One particularly rare hematological complication, which is the focus of this paper, has been previously reported only twice: once in 2020 in a 30-month-old Iranian boy [8] and again in 1984 in a 19-year-old male after an electrical injury [9]. While it is challenging to definitively link this case to the electrical injury, we believe that reporting this rare occurrence can raise awareness among clinicians. This may facilitate better management and early detection of such complications in future cases.
Case presentation
A 21-year-old male sustained a high-voltage electrical injury (HVEI) while working with electrical equipment. After initial resuscitation at a local hospital, he was transferred to the “Ghotbodin” Burn Center in Shiraz, Fars province, southern Iran. Upon arrival, his vital signs were stable:
- •Temperature: 37.7 °C.
- •Blood Pressure: 120/75 mmHg.
- •Pulse: 108/min.
- •Respiratory rate: 22/min.
Physical examination revealed 4th-degree full-thickness burns involving approximately 10 % of the total body surface area (TBSA), specifically affecting the face, right hand, and both feet. There were no signs of infection or other trauma, and the rest of the exam was normal.
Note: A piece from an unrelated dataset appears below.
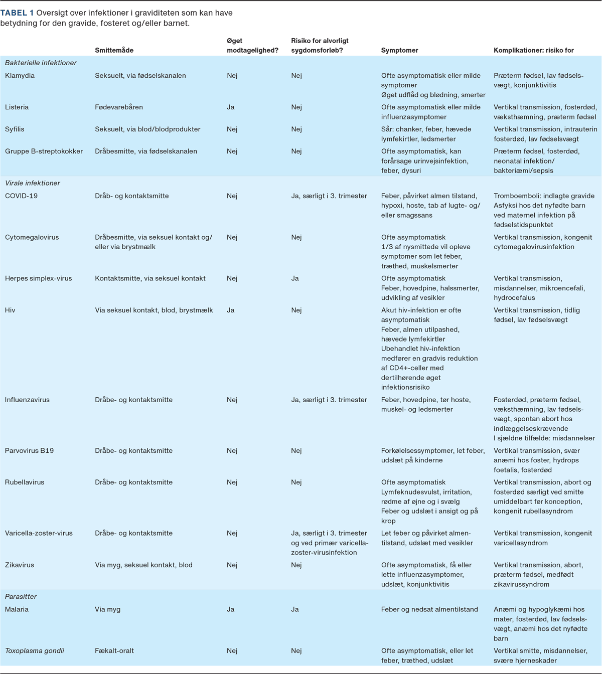 Øvre luftvejsinfektioner, influenza, urinvejsinfektioner og vaginale infektioner er derimod alle meget almindelige under graviditeten [2]. Nogle af disse infektioner er associerede med både en øget modtagelighed og et mere alvorligt sygdomsforløb hos den gravide (Tabel 1).

He underwent two surgeries for debridement, excision, and grafting of his deep burn wounds with minimal blood loss (10th and 16th December 2012). Regular laboratory tests, including a complete blood count (CBC), were all normal until day 17, when dramatic changes in his WBC and hemoglobin levels were observed (Fig. 1, Fig. 2, Fig. 3).Fig. 1. Trend of changes in the patient's hemoglobin (Hb) levels during the hospital course.Fig. 1. Fig. 2Trend of changes in the patient's platelet (Plt) count over time.Fig. 2. Fig. 3Trend of changes in the patient's white blood cell (WBC) count during the hospital course.Fig. 3
On day 17, the patient's hemoglobin dropped to 7.5 g/dL, and six days later, his WBC count fell to 1200 cells/μL. To address this, we started granulocyte colony-stimulating factor (G-CSF), administered when WBC count dropped below 2000 cells/μL. By day 33, his platelet count also dropped with no improvement in WBC or hemoglobin. Because G-CSF wasn't effective, the patient received 4 units of packed red blood cells (RBC) and 22 bags of fresh frozen plasma (FFP).
The patient had no history of hematological disorders, and no medications appeared to be responsible for his condition. Physical examination showed no signs of infection or bleeding, except for the burn wounds. Hematology specialists were consulted, and they ordered body fluid cultures (blood, wound tissue, and urine), all of which came back negative. They recommended starting Danazol and Prednisolone and conducting further tests, including a peripheral blood smear (PBS) and bone marrow biopsy.
The PBS showed hypochromic microcytic anemia, severe leukopenia, and granulocytopenia, with a mild decrease in platelet count. A bone marrow biopsy revealed markedly reduced hematopoietic cells, which led to a diagnosis of aplastic anemia (Fig. 4).Fig. 4. Bone marrow biopsy showing increased adipose tissue with scattered lymphoplasmacytic cells. Hematopoietic cells are severely decreased. (H&E × 100).Fig. 4
After 46 days in the hospital, the patient was discharged with blood counts that had not yet returned to normal (WBC: 2800 cells/μL, Hb: 8.4 g/dL, RBC: 3,100,000 cells/μL, Hct: 25.9 %, Plt: 140,000 cells/μL). Throughout his treatment, he received 22 bags of FFP, six bags of packed RBC, and several doses of G-CSF.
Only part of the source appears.